I was diagnosed unofficially over 6 years ago by counselors at my local city college. I was wanting to go back to school and decided to take a learning disabilities test just to make sure nothing would be standing in my way and if so what to do to overcome it. (Learning disabilities run in my family) I didn't see it coming then either. I was thinking maybe some kind of dyslexia cause I had trouble retaining what I was reading. I went home and started researching, anything I could find. I couldn't believe how many of the symptoms I had. There was no denying it once I started looking further. Not only that, but realizing my children were so much like me I have probably passed this on to them! I didn't want them to have the same life struggles I did so I watched them closely, when I could deny it no longer I made sure to have them tested. First my daughter, then my son. After having him tested I was told with it being hereditary it would be good to have a starting point to go back to, so in I went. No big deal. I already know, right?!

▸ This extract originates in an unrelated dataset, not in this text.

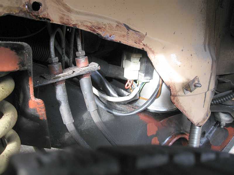 Das Radlaufblech habe ich etwas gekürzt, so kommt man besser an die Stecker von der Heizung und auch an die Bremsleitungsverschraubungen. |

Wrong. It still hurt. Your not normal. No matter how many times I had told myself and my children that this is how we were made, exactly the way God wanted. Determined that this must be true. That it could be a gift, we were special, he needed people like us here and we've been here for centuries. Biblical characters bare striking similarities to us and the bible speaks of how much God loved them. There's nothing wrong with us, we're okay. Then to be told, we're not okay. It's not normal. The weight of responsibility, I've done this to my kids. The hurt that this won't get better, my husband will always have to deal with my airheadedness. At some point won't my funny quirks get old? At what point does he say he can't "handle" me anymore.

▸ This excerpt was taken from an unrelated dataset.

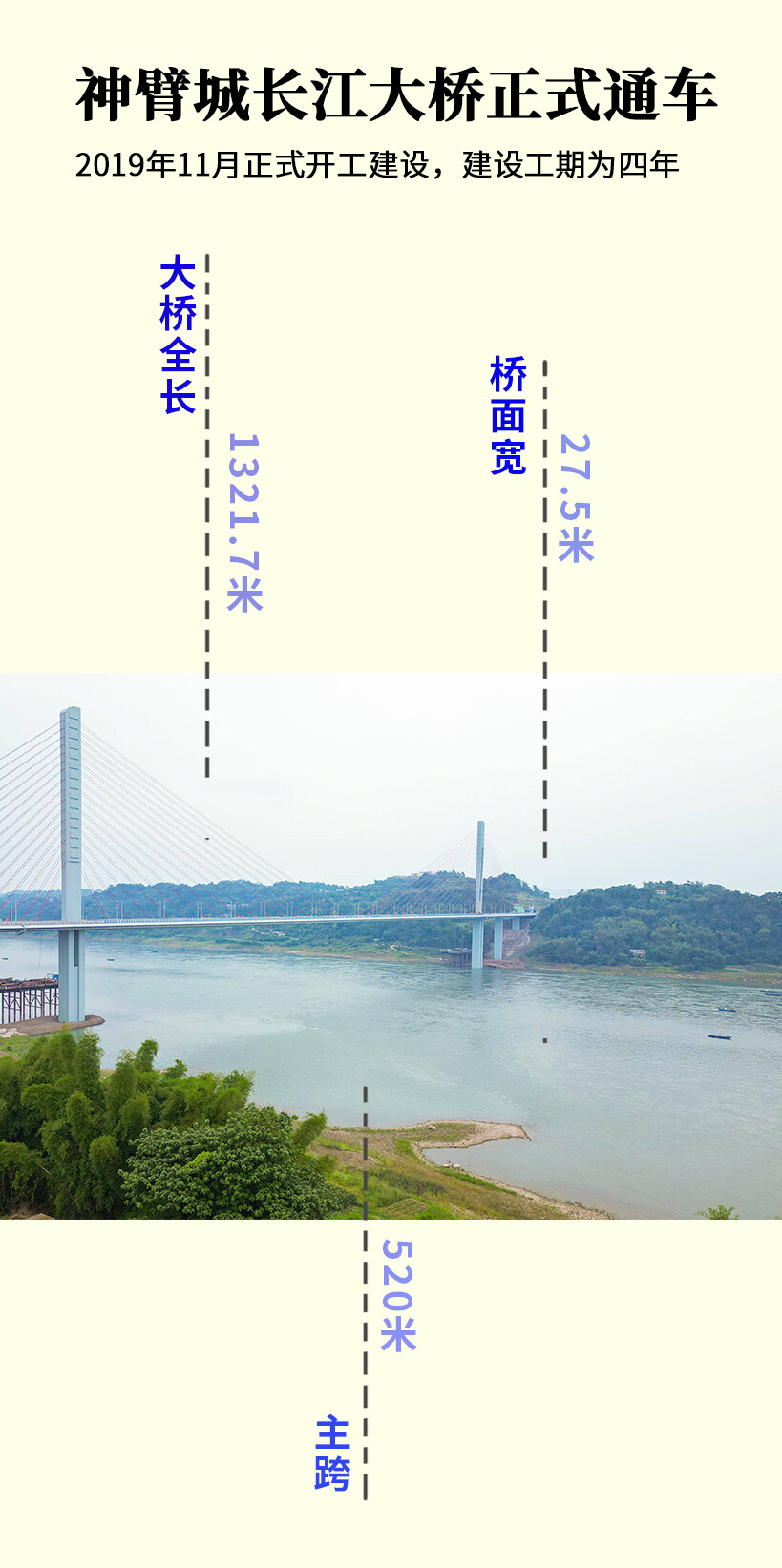 神臂城长江大桥为原泸州市合江新城过江通道,是泸州市重要的渡改桥项目之一,项目于2019年11月正式开工建设,大桥全长1321.7米,桥面宽27.5米,主跨520米。

Then the breaking point. The soft small voice that I hear whispering the same phrase...."Be Still". The tears start to roll. It's him. This is why he always has to say this to me. I'm broken, I'm a glitch he needs to calm. "Be Still". Harder the tears fall. Will he always have to say this to me? Will I ever be better, will he ever be able to fix me? "Be Still. Shhhh." I feel him coming carefully toward me, trying to gain the trust of an injured animal. Why do I have to be fixed, now the tears are angry. I'm not a bad person. Maybe I don't want to be fixed! But what if I'm lost and don't know it, what if I don't realize how horrible I am. What if I needed to be fixed so badly for so long that I don't even realize there's a better way. What if I'm running from him in rebellion. I don't want to be bad, I don't want to be a burden, I don't want to be broken. I'm aching and the tears are flooding now. Fix me! Why would you make me this way. Fix it. "Shhhhh, Be Still." Breath, pause, peace....I can almost feel his hands on my face, cupping my tear-stained cheeks and lifting my eyes toward his. "Everything I make is good. I formed you in your mothers womb. Why would I 'fix' what I have made? I am God, I don't make mistakes. You are not a mistake nor were you made broken. Made, not to be fixed, but loved. I love you."
I am not a mistake. My children aren't a mistake but God loved me so much he wanted more of me and created my qualities in them all over again. To be their own selfs yet carry on the best parts of me, the parts he loved. I am loved. I am worth more. I am okay. We are okay and when he comes for us, we too will be delighted in.